The suggestions from Bing Chat and other generative AI tools always take the given context into account. The AI usually uses neutral secondary sources such as trade journals, news sites, websites of associations and public institutions, and blogs as sources for the recommendations. The output of the generative AI is based on the determination of statistical frequencies. The more frequently words appear in the source data one after the other, the more likely it is that the word being searched for is the correct one in the output. Words that frequently appear together in the training data are statistically more similar or semantically more closely related.
Which brands and products are mentioned in a particular context can be explained by the way LLMs work.
How do Large Language Models (LLMs) work?
Modern transformer-based LLMs such as GPT or BARD are based on statistical evaluations of co-occurrences between tokens or words. For this purpose, texts and data are broken down into tokens for machine processing and positioned in semantic spaces using vectors. Vectors can also be whole words (Word2Vec), entities (Node2Vec) and attributes.

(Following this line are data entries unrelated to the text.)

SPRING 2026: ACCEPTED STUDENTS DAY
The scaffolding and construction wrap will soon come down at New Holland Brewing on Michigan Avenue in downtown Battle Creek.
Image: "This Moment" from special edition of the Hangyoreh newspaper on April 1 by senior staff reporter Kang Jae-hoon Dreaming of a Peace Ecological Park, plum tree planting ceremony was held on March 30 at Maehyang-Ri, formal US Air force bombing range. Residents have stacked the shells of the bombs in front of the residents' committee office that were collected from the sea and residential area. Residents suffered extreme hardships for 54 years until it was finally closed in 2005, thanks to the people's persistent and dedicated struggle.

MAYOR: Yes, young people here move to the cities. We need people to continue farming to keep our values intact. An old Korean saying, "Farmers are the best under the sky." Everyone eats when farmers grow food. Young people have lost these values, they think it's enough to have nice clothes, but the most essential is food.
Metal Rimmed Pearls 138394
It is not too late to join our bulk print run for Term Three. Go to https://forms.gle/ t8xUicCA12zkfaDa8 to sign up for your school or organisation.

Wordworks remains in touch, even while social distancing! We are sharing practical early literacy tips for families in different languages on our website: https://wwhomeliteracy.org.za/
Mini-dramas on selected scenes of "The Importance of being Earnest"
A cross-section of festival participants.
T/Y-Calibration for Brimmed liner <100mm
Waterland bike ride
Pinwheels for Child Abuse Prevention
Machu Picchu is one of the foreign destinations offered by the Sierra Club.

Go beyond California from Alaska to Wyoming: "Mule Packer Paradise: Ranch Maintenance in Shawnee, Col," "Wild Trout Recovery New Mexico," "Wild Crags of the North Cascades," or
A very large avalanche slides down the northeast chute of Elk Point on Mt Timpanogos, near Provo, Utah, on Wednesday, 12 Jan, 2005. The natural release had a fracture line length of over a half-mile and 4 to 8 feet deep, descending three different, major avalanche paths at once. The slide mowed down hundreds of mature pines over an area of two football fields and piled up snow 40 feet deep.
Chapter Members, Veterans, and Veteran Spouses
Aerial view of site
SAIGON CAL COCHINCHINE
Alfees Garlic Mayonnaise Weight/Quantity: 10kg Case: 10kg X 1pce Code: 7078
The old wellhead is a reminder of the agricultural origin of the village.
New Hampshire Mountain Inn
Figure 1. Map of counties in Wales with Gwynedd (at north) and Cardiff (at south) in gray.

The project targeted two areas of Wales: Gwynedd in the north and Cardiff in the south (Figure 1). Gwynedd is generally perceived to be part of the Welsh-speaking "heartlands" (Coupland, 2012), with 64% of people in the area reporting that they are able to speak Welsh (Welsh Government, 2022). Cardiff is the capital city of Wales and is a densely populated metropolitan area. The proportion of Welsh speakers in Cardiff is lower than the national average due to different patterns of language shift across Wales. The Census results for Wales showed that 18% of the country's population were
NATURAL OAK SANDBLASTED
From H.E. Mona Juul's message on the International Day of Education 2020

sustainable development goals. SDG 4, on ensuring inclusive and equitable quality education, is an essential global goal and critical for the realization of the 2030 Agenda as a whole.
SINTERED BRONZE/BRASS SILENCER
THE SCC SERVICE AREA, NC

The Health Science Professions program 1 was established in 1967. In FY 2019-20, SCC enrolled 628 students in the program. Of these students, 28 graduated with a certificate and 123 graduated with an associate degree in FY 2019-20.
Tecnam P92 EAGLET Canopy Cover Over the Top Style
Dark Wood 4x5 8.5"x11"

The semantic space is also called ontology in semantics. Since denmark cell phone number list LLMs are based more on statistics than semantics, they are not really ontologies. However, the amount of data allows AI to get closer to a semantic understanding.
Semantic proximity can be determined by Euclidean distance or cosine angle in semantic space.
Semantic Proximity in Vector Space
If an entity is frequently mentioned in connection with certain other entities or properties in the training data, there is a high statistical probability of a semantic relationship.
The method of this processing is called transformer-based natural language processing. NLP describes a process of transforming natural language into a machine-understandable form that enables communication between humans and machines. NLP consists of the areas of natural language understanding (NLU) and natural language generation (NLG).
The focus is on NLU when training LLMs and on NLG when outputting AI-generated results.
The identification of entities through Named Entity Extraction plays a special role both for the semantic understanding and for the meaning of an entity within a thematic ontology.
Due to the frequent co-occurrence of certain words, these vectors move closer together in the semantic space. The semantic proximity increases and the probability of belonging increases.
NLG outputs the results according to statistical probability.